This should be fixed now.

I'll give it a try in the next days.

Race condition in index_new/FindBlob: Index might be resorted between the call to SortByBlob and reacquiring the read lock. Currently I don't see a nice way how this could be fixed when using a RWMutex. The same problem also exists in FindBlobByPack.

I hope I found a nice way to handle this. I basically test sortedByBlob twice if it is set to false. This issue hence should be fixed now ..

This still leaves the possibility of a collision between SortByBlob and AddJSONIndex. The check that the index is sorted properly and the actual index search must happen in the same critical section. Unluckily the RWMutex does not support an atomic downgrade from a write to a read lock, which would be the easiest way to keep the lock after sorting. I currently see two possibilities:

  • Take the readlock, check that the index is sorted and run the search. If the index is not sorted, release the readlock and get the writelock, sort the index and complete just that search while holding the writelock.
  • Take the readlock, check that the index is sorted and run the search. If the index is not sorted, release the readlock and get the writelock, sort the index and retry from the start.

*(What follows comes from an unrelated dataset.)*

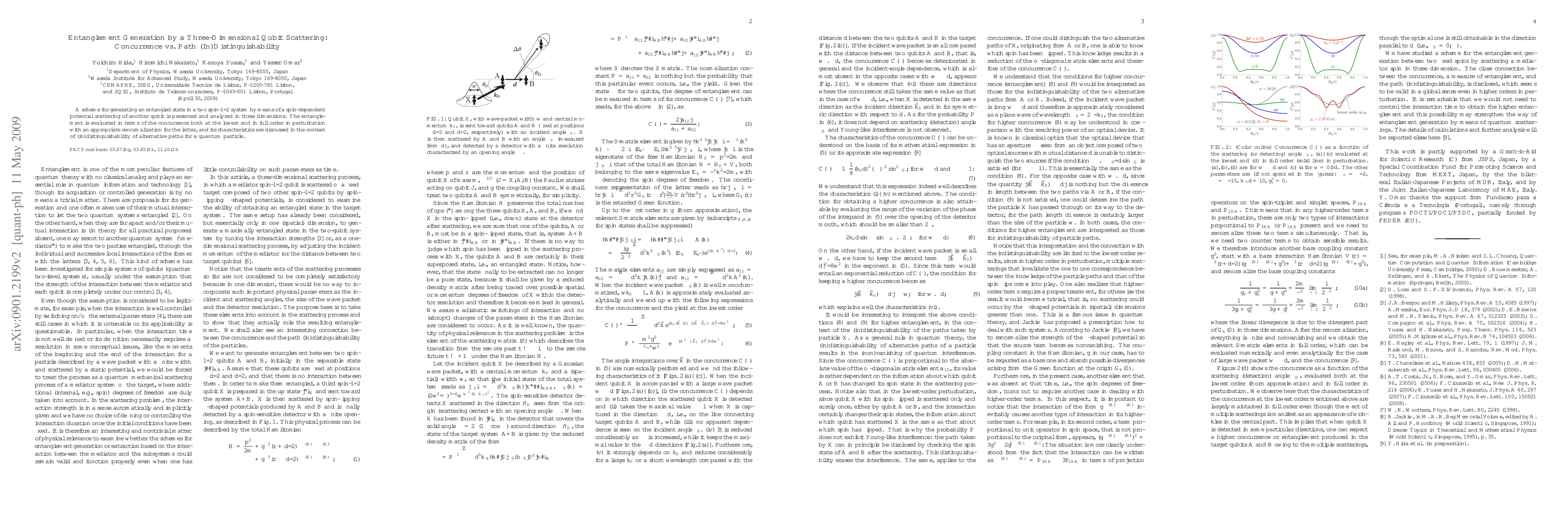 Researchers developed a method to generate entangled states in a two-qubit system using scattering of another qubit with a spin-dependent potential. The study explores the concurrence of entanglement and its characteristics in terms of distinguishability of alternative paths.

MasterIndex.Lookup/Has/Count/... : After the lookup in mi.mainIndex, mi.idx might be saved and added to the mainIndex before the idxMutex is acquired.

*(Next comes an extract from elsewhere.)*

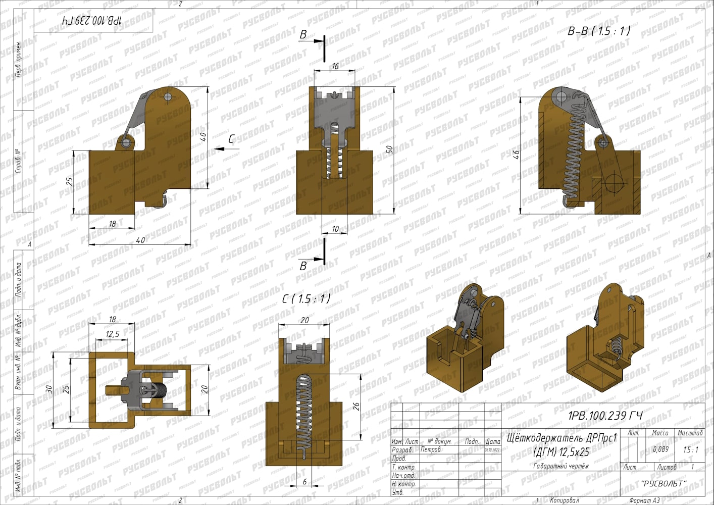 Возможные обозначения и чертежи щеткодержателя типа ДРПрс1 12,5х25 могут выглядеть следующим образом:

It seems like you've missed MasterIndex.Lookup.

MasterIndex.Save: This seems to block the masterIndex while the index upload is pending. The old implementation in Repository.SaveIndex seems to work without blocking.

This issue is still open. I did not find a nice way to handle it with just one unfinished index.
I also do not know the impact of this with respect to performance. Should only affect backup. I hope to see some tests if this is relevant..

Hmm, the main blocker here is that you can't get the index pack id before the upload call completed. It would be rather easy to solve by allowing multiple indexes to be unfinished while only the last one may be written to and the predecessors are currently uploading.

@aawsome
Copy link
Contributor Author

aawsome commented Feb 3, 2020

This still leaves the possibility of a collision between SortByBlob and AddJSONIndex. The check that the index is sorted properly and the actual index search must happen in the same critical section. Unluckily the RWMutex does not support an atomic downgrade from a write to a read lock, which would be the easiest way to keep the lock after sorting. I currently see two possibilities:

* Take the readlock, check that the index is sorted and run the search. If the index is not sorted, release the readlock and get the writelock, sort the index and complete just that search while holding the writelock.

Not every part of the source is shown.